The 900 or so horses are funneled through the stock seven-speed, dual-clutch Tremec transmission. Shelby has worked with Tremec to tweak the shifting for the GT500-H, but it works with the same seamless ease as it does in the buyable GT500.
It's not like the Ford’s 760-horsepower, production Shelby GT500 is a laggard. Our rural friends at Car and Driver have tested it blasting to 60 mph in 3.4-seconds blurping through the quarter-mile in 11.3-seconds at 132 mph. That’s a whole hog definition of blurp.
The initial 25-percent of throttle travel or so brings only a modest engine response. It feels as if it has been tuned to make reassure the neophyte driver that this is something manageable. It’s not going to bark angrily or bite dangerously. It’s a car and not a death wish.
Combine that easygoing throttle tip-in with traction and stability controls and the result is a very benign driving experience. Around town, it could be any other Mustang with a bit more tire noise, exhaust rumble and intake whoosh.
Find a slice of open road, however, and the thundering hooves of all those ponies show up. It doesn’t have the instantaneous torque of an electric like the dual-motor Teslas, but it rises up and goes faster and furious-er as if Vin Diesel was embedded in the supercharger case.

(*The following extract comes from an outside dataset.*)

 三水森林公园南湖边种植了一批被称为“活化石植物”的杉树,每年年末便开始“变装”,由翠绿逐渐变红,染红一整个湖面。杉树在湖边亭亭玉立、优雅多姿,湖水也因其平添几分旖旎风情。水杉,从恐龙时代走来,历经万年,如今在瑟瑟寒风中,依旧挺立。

This is a rear-drive machine with enormous tires. Push it beyond its limits and the consequences will be headline news. But there’s something clever about how this GT-500H presents plenty of high-performance sensations without inviting the driver to indulge their most moronic fantasies.

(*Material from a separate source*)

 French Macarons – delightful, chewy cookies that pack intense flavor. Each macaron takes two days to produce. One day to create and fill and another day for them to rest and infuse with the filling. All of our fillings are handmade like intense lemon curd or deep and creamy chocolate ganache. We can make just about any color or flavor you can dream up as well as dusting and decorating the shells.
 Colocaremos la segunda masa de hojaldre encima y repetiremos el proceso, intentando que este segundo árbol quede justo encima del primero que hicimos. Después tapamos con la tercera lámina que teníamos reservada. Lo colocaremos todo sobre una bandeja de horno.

On this limited drive, there was little chance to explore the cornering ability built into the GT500-H. The 305/30ZR20 front and 315/30ZR20s rear tires are the same width as those fitted to the regular GT500 on larger diameter wheels. But these Michelin Pilot Sport 4S tires, not Sport Cup 2s. Great tires, but built for all-season daily use, not track hero hijinks.
Similarly, there was little chance to test the big Brembo brake (in Hertz drag) during this short exposure. They felt good. The only available comparison would been nosing the GT500-H into the water barrels protecting the gore point of an off-ramp on the I-15 running south out of Vegas. Somehow, that temptation was avoided.

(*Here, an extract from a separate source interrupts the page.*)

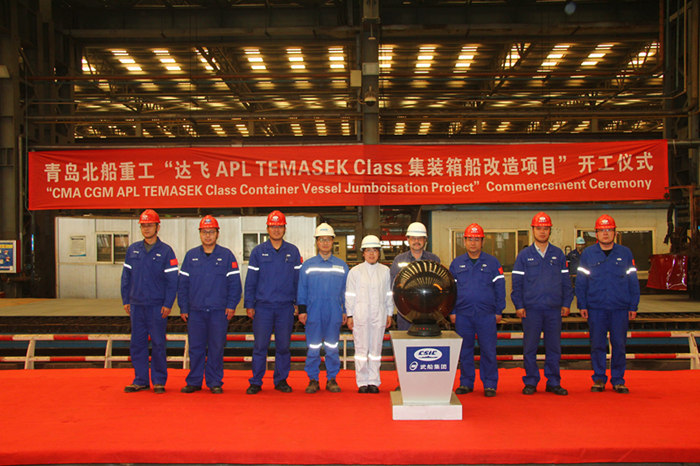 4月2日下午15點58分,武船集團北船重工“達飛公司系列集裝箱船升級改造項目”開工儀式在北船重工造船聯合廠房順利舉行。法國達飛輪船公司改裝項目現場經理MR.JAN IVERSEN,DNV-GL船級社高級驗船師包青波,北船重工副總經理于寶月、劉玉東及總經理助理丁福增,北船重工造船相關部門和修船分廠的領導出席了儀式。

With all its power channeled through the rear wheels, launches can only be so hard on the GT500 or the GT500-H. There’s only so much rubber available and only so much even a well-programmed launch program can do to overcome the limitations imposed by physics. It may be quicker than a GT500, but it’s not likely to be so much quicker in the context of the traction available.
Where the extra power may show up is at the top end. The GT500-H feels like a 200+ mph car, even if there was no chance to explore that on public roads in Nevada. At least no chance that didn’t risk winding up in Lovelock Correctional Center. But it’s best to appreciate it as an incredibly fast car anyone can sample that, driven within their limits, will be relatively safe.
So, here’s the complication on that theoretical Cannonball run. The GT500-H must be returned to the Hertz office where it was rented. No one-way rentals are allowed. So, after the blast one-way, it must be driven back on a return run. Think of it as an opportunity to set two records – there and back again.